Results can be submitted into a number of categories, such as Datacenter, Edge, Mobile, or Tiny. For Datacenter or Edge, they can also be submitted into the ‘closed’ category (apples-to-apples with same reference frameworks) or the ‘open’ category (anything goes, peak optimization). The metrics submitted depend on single stream, multiple stream, server response, or offline data flow. For those tracking MLPerf’s progress, the benchmark set is the same as v0.7, except with the requirement now that all DRAM must be ECC and steady state is measured with a minimum 10 minute run. Run results must be declared for what datatypes are used (int8, fp16, bf16, fp32). The benchmarks are designed to run on CPU, GPU, FPGA, or dedicated AI silicon.


The companies that have been submitting results to MLPerf so far are a mix of vendors, OEM partners, and MLCommons members, such as Alibaba, Dell, Gigabyte, HPE, Inspur, Intel, Lenovo, NVIDIA, Qualcomm, Supermicro, and Xilinx. Most of these players have big multi-socket systems and multi-GPU designs depending on what market they are targeting to promote with the results numbers.
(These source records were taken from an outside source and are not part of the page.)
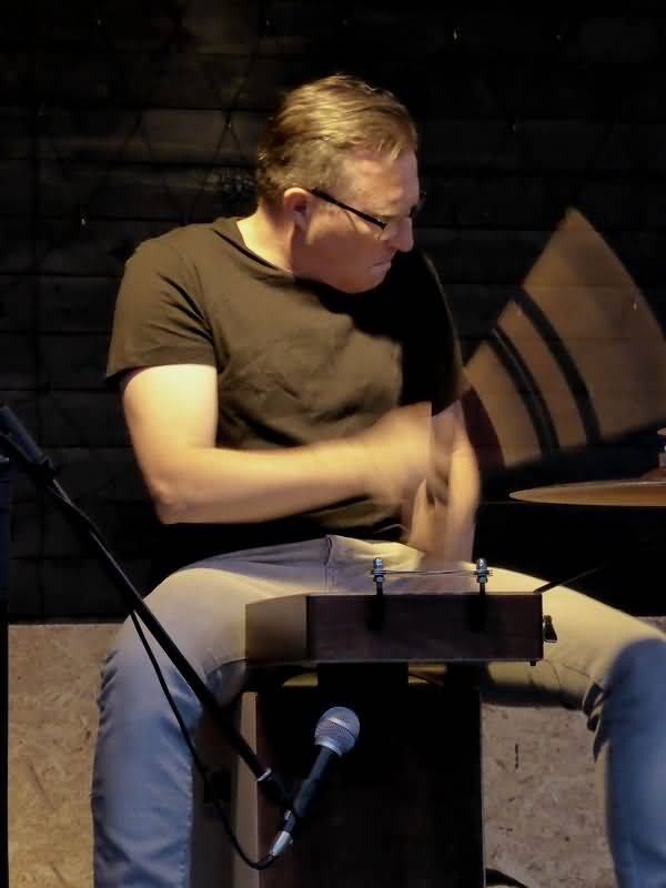 Einige meiner Lieblingssongs am Abend waren "Glimpse Of Your Face", "I Got Nothing", "Walter Mitty" und das ganz zum Schluss vorgetragene hochemotionale "Groundhog", für mich eins der bisher besten Stücke von Scott, im Übrigen nur von ihm allein mit seiner Gitarre präsentiert. Das war dann auch der einzige Titel, den er allein vortrug, denn ansonsten begleitete Bart Reniers auf seiner neuesten Errungenschaft, einem Drum-Set von Loota, einer finnischen Firma. Das Set sieht aus wie ein Cajon, beinhaltet jedoch eine Bass Drum, eine Snare Drum, ein Becken und ein Hi-Hat. Somit ist es ein perfektes Instrument für kleine Gigs und kann schnell auf- und abgebaut werden. Bart und Scott waren sehr gut aufeinander abgestimmt und je nach Art des Songs begleitete Bart entweder druckvoll oder zurückhaltend und gestaltend. Zum Schluss noch einmal mein besonderer Dank an Mozart von der Scharfen Ecke dafür, dass er dieses Konzert ermöglichte.
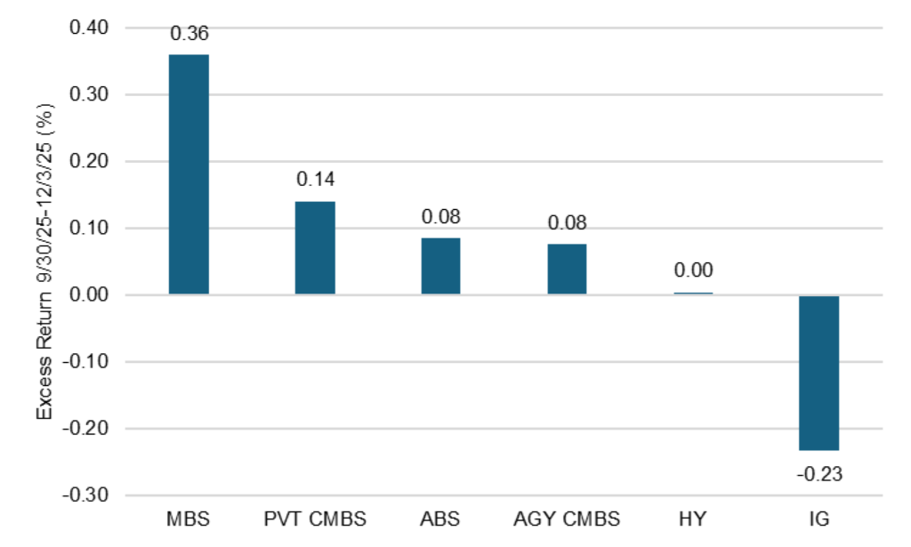 Exhibit 5: Except for MBS, excess return is flat or down since September 30
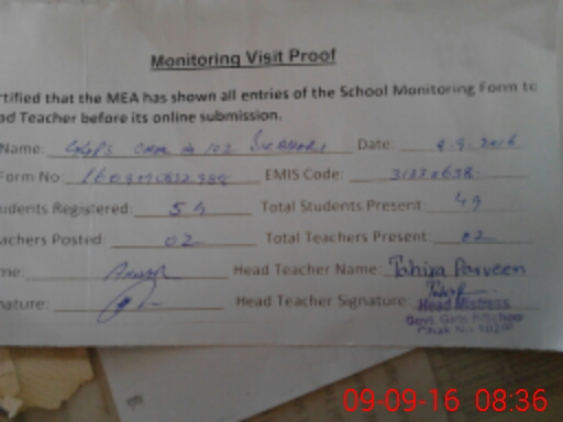 | EMIS Code: 31330638 | Name of School: GGPS 102/P BASTI SERBOHRI | |||
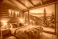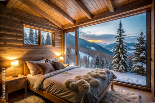 >Naklejka na meble>Przeznaczenie>Salon>A cozy bedroom with a large bed and a window overlooking a snowy mountain. The room is lit by a warm, inviting light, creating a peaceful and relaxing atmosphere
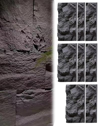 Elitix Panneaux Muraux 3D Revêtement Mural en Imitation Pierre Noire pour Salle de Bain Et Terrasse, Panneaux de Parement Extérieur, Décoration Murale 3D Artificielle, Revêtement Texturé(8 pcs)
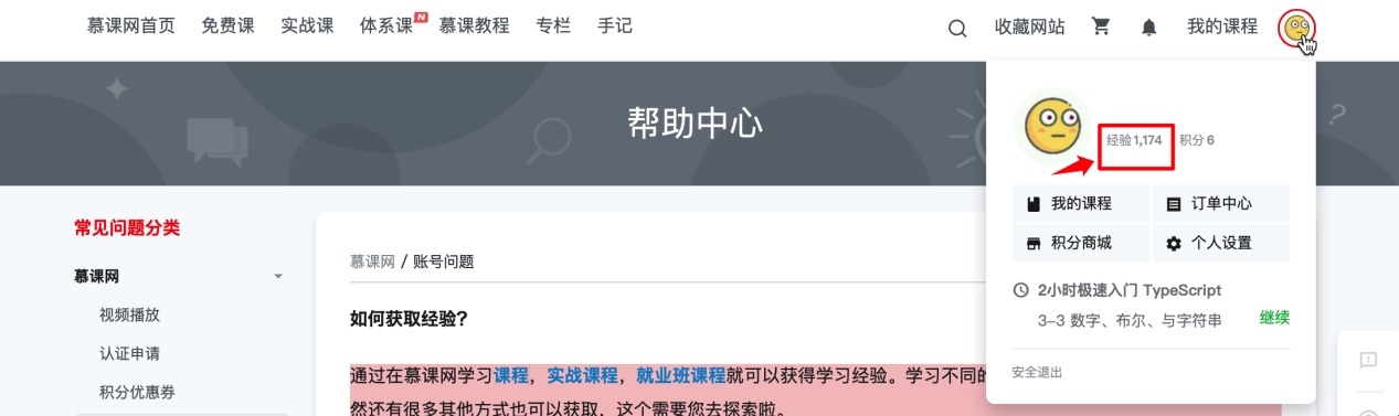 3、您可以在个人中心查看到自己的经验值。您也可以在慕课网网站顶部找到自己的头像下拉看到自己的经验。
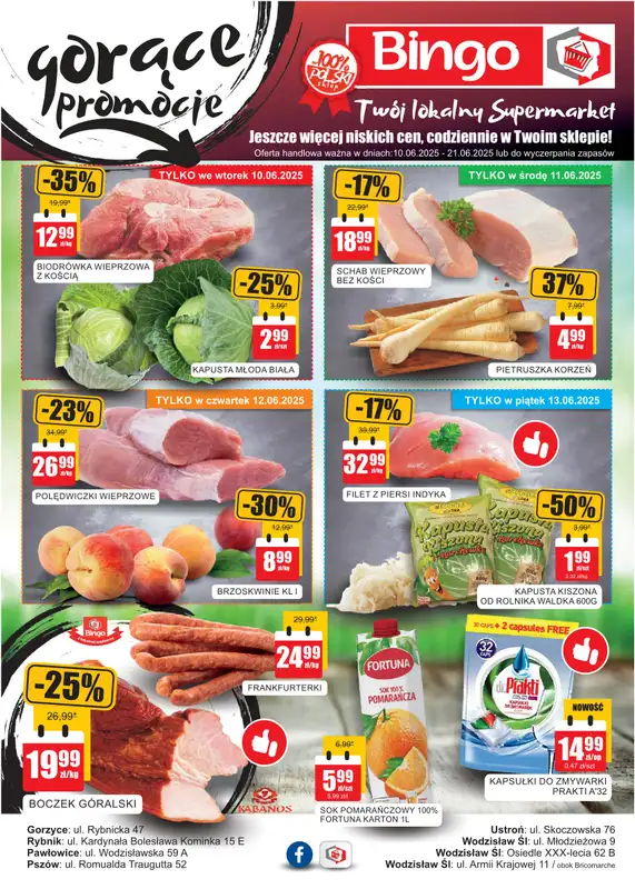 Obejrzyj najnowszą gazetkę sieci Bingo, Gazetka, obowiązującą od 10 czerwca do 21 czerwca. Ta aktualna gazetka Bingo zawiera wiele wspaniałych promocji na różnego rodzaju produkty.
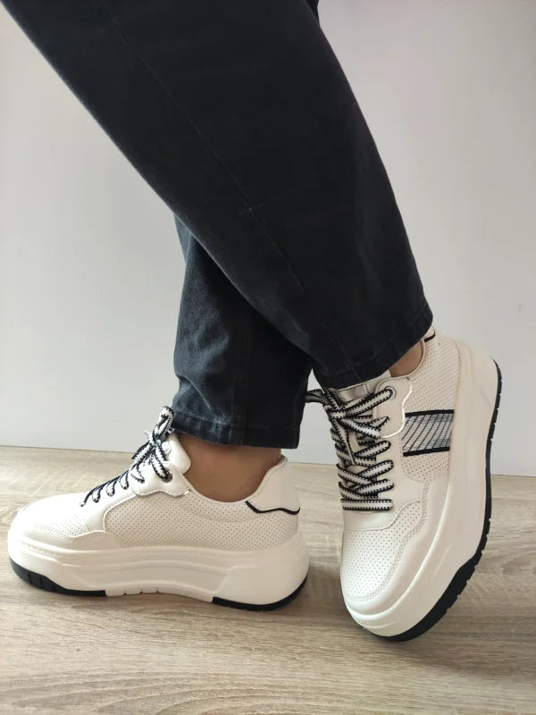 Acești pantofi sport de damă alb cu negru adaugă un vibe urban și modern oricărei ținute casual. Construiți din piele ecologică perforată, oferă un plus de respirabilitate în timpul purtării. Talpa groasă de 4.5 cm aduce nu doar confort, ci și un plus de înălțime subtil. Designul cu sireturi în contrast adaugă dinamism și stil, perfect pentru plimbări lungi sau activități de zi cu zi.
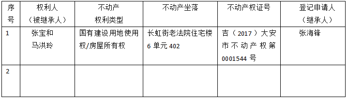 | 标 题: | 继承不动产登记公告(张海锋) |
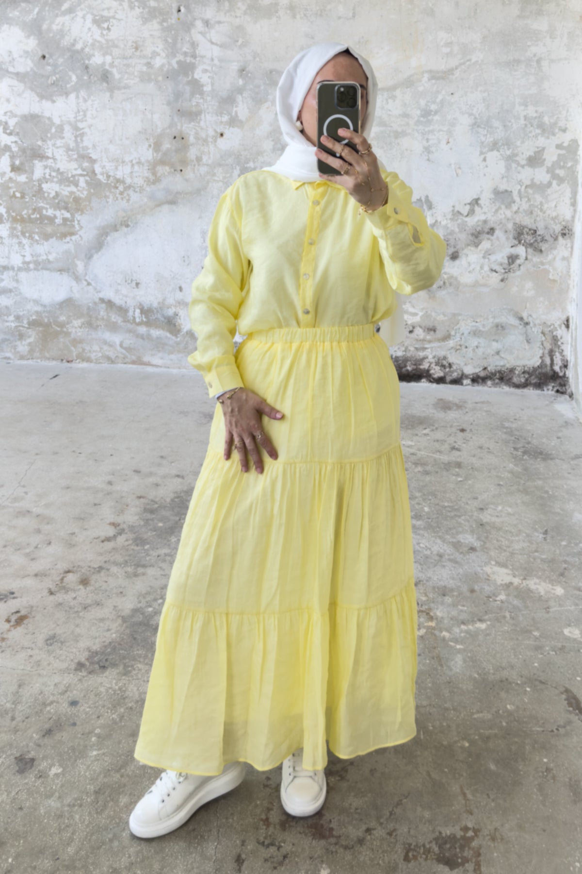 Rahat Kesim Beli Lastikli Kat Kat Uzun Etek 5213 - Sarı
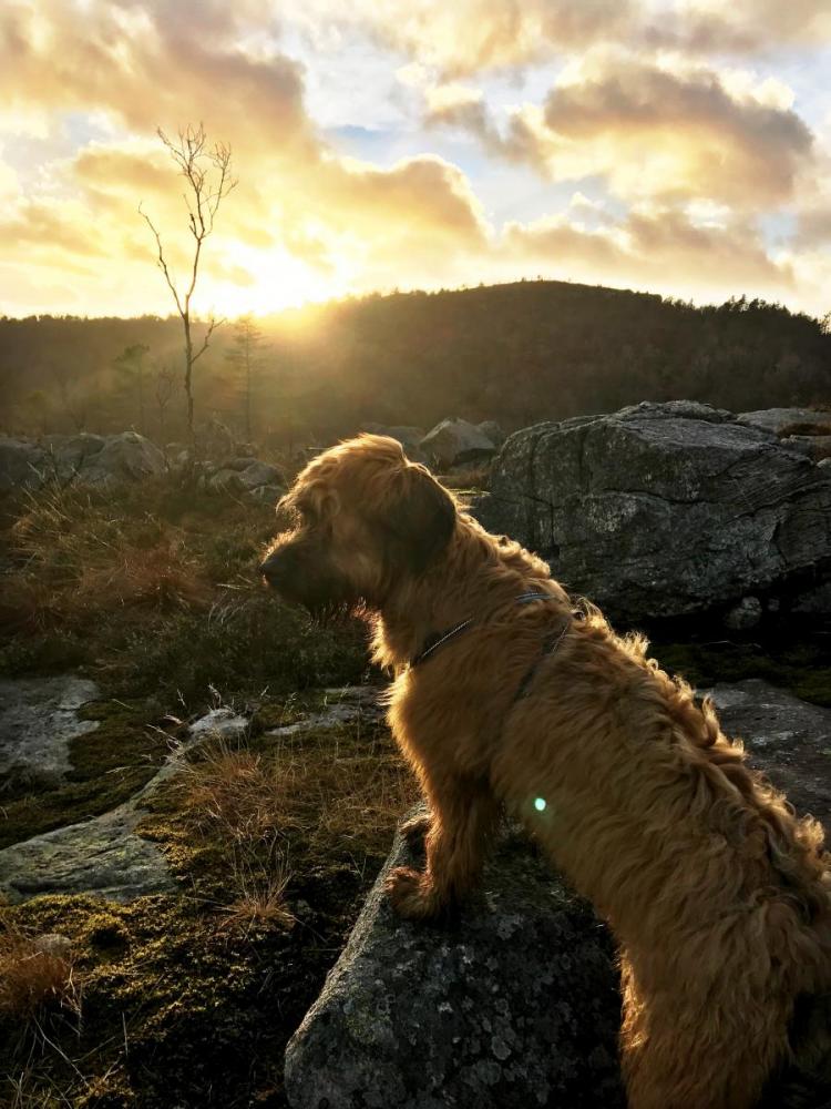 Nydelig oktobervær! Tok med valpen og en venninne litt opp i heia, lagte bål og bød på pølser, pinnebrød og hjemmelaga potetsalat. En suksess!
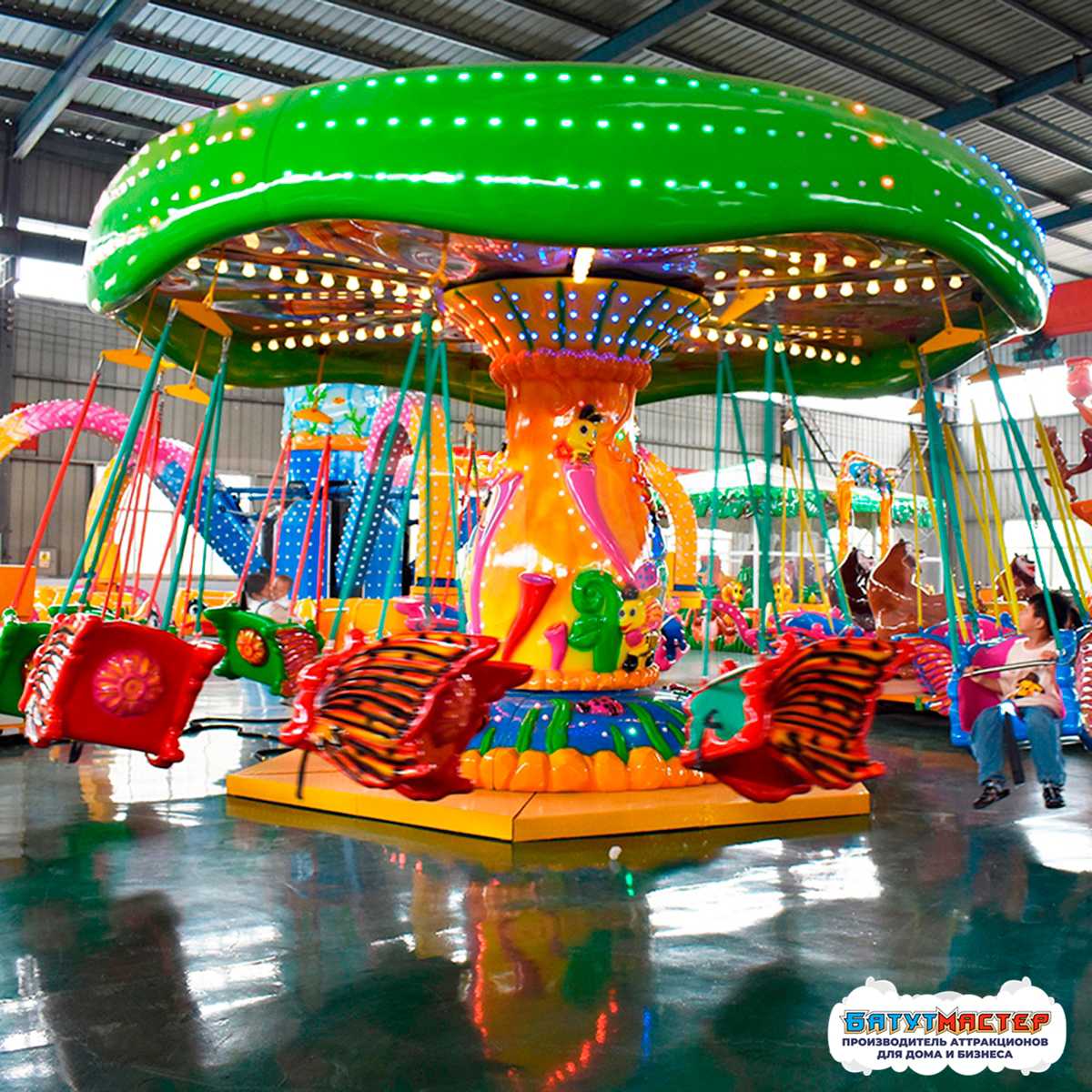 Представьте себе яркую солнечную поляну, где каждый цветок будто оживает, а воздух наполнен лёгким ожиданием чуда. Именно такую атмосферу создаёт подвесная карусель «Цветочная Поляна». С первых секунд взгляд посетителей притягивает сияющее оформление, а плавное движение сидений напоминает воздушный танец. Это аттракцион, который дарит эмоции ещё до того, как первый пассажир займёт своё место 😊
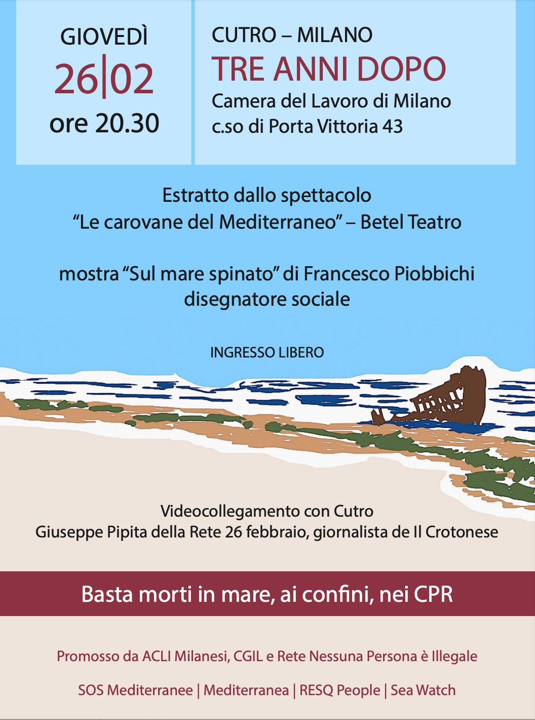 Giovedì 26 febbraio alle ore 20.30 si terrà “Cutro – Milano. Tre anni dopo”, un’iniziativa promossa da ACLI Milanesi, CGIL e Rete Nessuna Persona è Illegale, con l’obiettivo di mantenere viva la memoria delle vittime del naufragio avvenuto sulle coste calabresi il 26 febbraio 2023 e rilanciare l’impegno per politiche migratorie fondate su diritti, legalità e umanità.

For example, Qualcomm has a system result in the datacenter category using two EPYCs and 5 of its Cloud AI 100 cards, but it has also submitted data to the edge category with an AI development kit featuring a Snapdragon 865 and a version of its Cloud AI hardware.

Qualcomm's Cloud AI 100

The biggest submitter for this launch, Krai, has developed an automated test suite for MLPerf Inference v1.0 and run the benchmark suite across a number of low-cost edge devices such as the Raspberry Pi, NVIDIA’s Jetson, and RockChip hardware, all with and without GPU acceleration. As a result, Krai provides over half of all the results (1000+) in today’s tranche of data.  Compare that to Centaur, which has provided a handful of data points for its upcoming CHA AI coprocessor.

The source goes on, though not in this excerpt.